# Webcam with msn messanger on mac, help.



## guest053111 (Mar 20, 2010)

Windows live messanger? I was wondering how to use webcam with it and I use adium too its a brilliant program but the webcam....grrr I wanted to use it last night and I couldnt  It works with ichat and yahoo but I want to use msn messanger too. Any ideas guys? Thanks.


----------



## sinclair_tm (Mar 11, 2005)

There currently is no way to use a web cam with MSN on a Mac. There's iChat and Google which will use the cam, and you said you were able to do it with Yahoo, which means they have upgraded since the last time I tried to use it, but Microsoft still hasn't made a Mac chat client that will do video yet. The people that do Adium are working on a video chat plugin, but have said on their blog that Microsoft has kept the information on the web chatting closed, meaning they won't tell anyone how it works so that others can make programs that will do it.


----------



## guest053111 (Mar 20, 2010)

Ah alright thanks for the info least I know now. Thanks.


----------



## mfran028 (Apr 10, 2010)

there is also a site called tinychat.com it has nothing to do with mac but it is the simplest video chat site EVER. just create a username (everything is free) and then a chatroom name. anyone else that you want to be in your conversation just has to type in the same chatroom name on the home page and there you! it works all the around the world. this helped me a lot cause i was super annoyed that Mac MSN doesn't have video.
hope this is helpful! 
Godbless
~Missy~


----------



## sinclair_tm (Mar 11, 2005)

MSN now has a beta video client that you can find on their site.
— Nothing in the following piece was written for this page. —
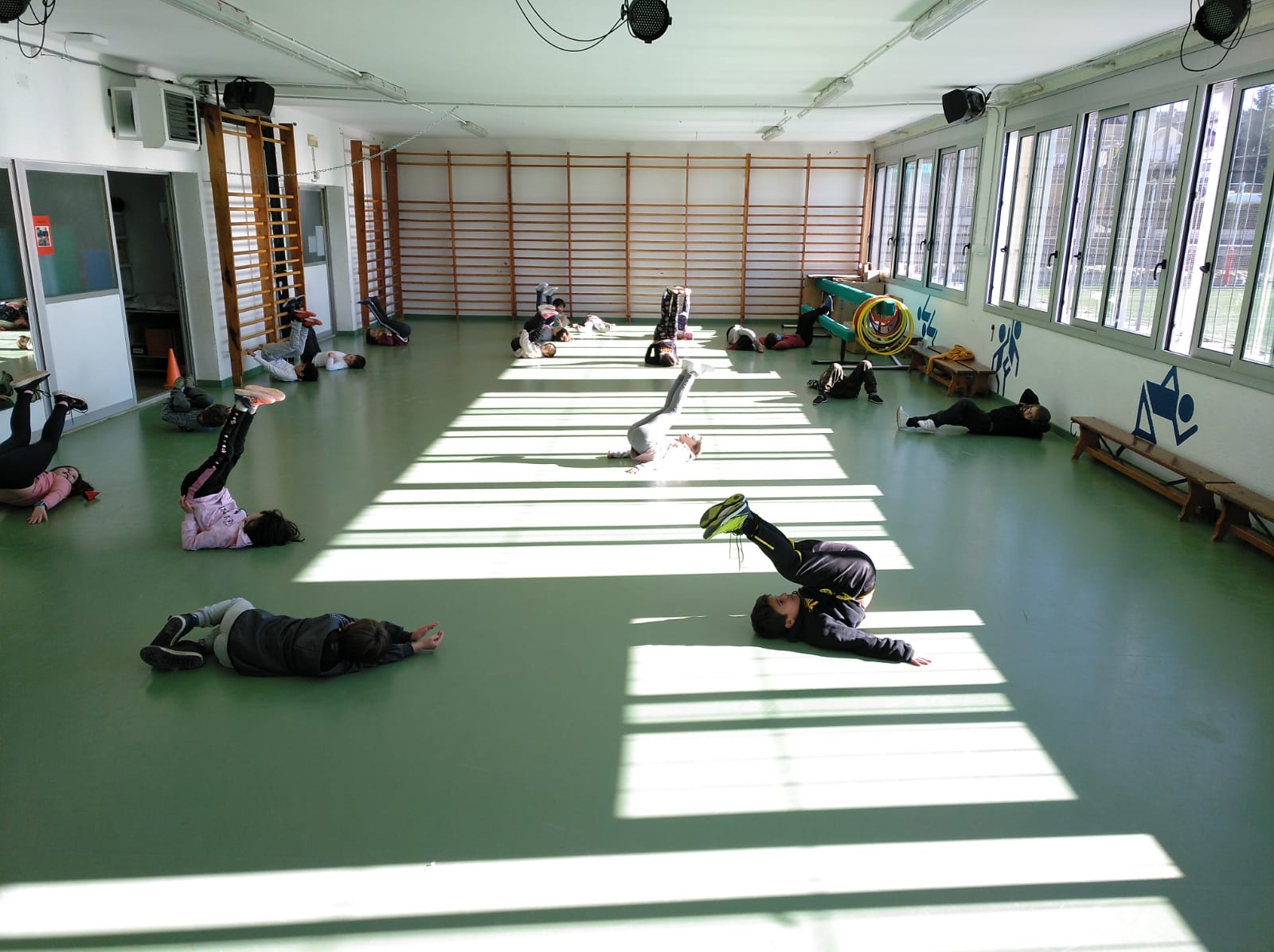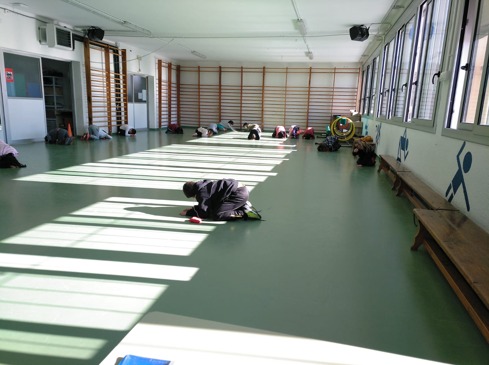 Avui entrem al gimnàs per veure els estiraments que fem a les sessions d’Educació Física.

I've used it once, and it seems to work alright. The only bad news it that the rumor is it'll only be a part of Office for Mac.


----------



## Old Rich (May 31, 2007)

Will skype video messenger work on a Mac?


----------



## sinclair_tm (Mar 11, 2005)

I don't know. I avoid skype for personal reasons, so have never even looked into it. Last I heard, there is a skype client for the Mac, so if I were you, I'd look at their site and see what it's features are.


----------



## guest053111 (Mar 20, 2010)

thanks.


----------



## guest053111 (Mar 20, 2010)

simpswr said:


> Will skype video messenger work on a Mac?


yes.


----------



## ComputerGenieUK (Apr 12, 2010)

Skype works very well on Mac as does iChat. The beta for Msn Messenger for Mac is much welcome with video and audio support but it's not up to the standard of Skype. 
Amsn is a fairly good free Msn client for mac and is also free.


----------



## Old Rich (May 31, 2007)

Thanks


----------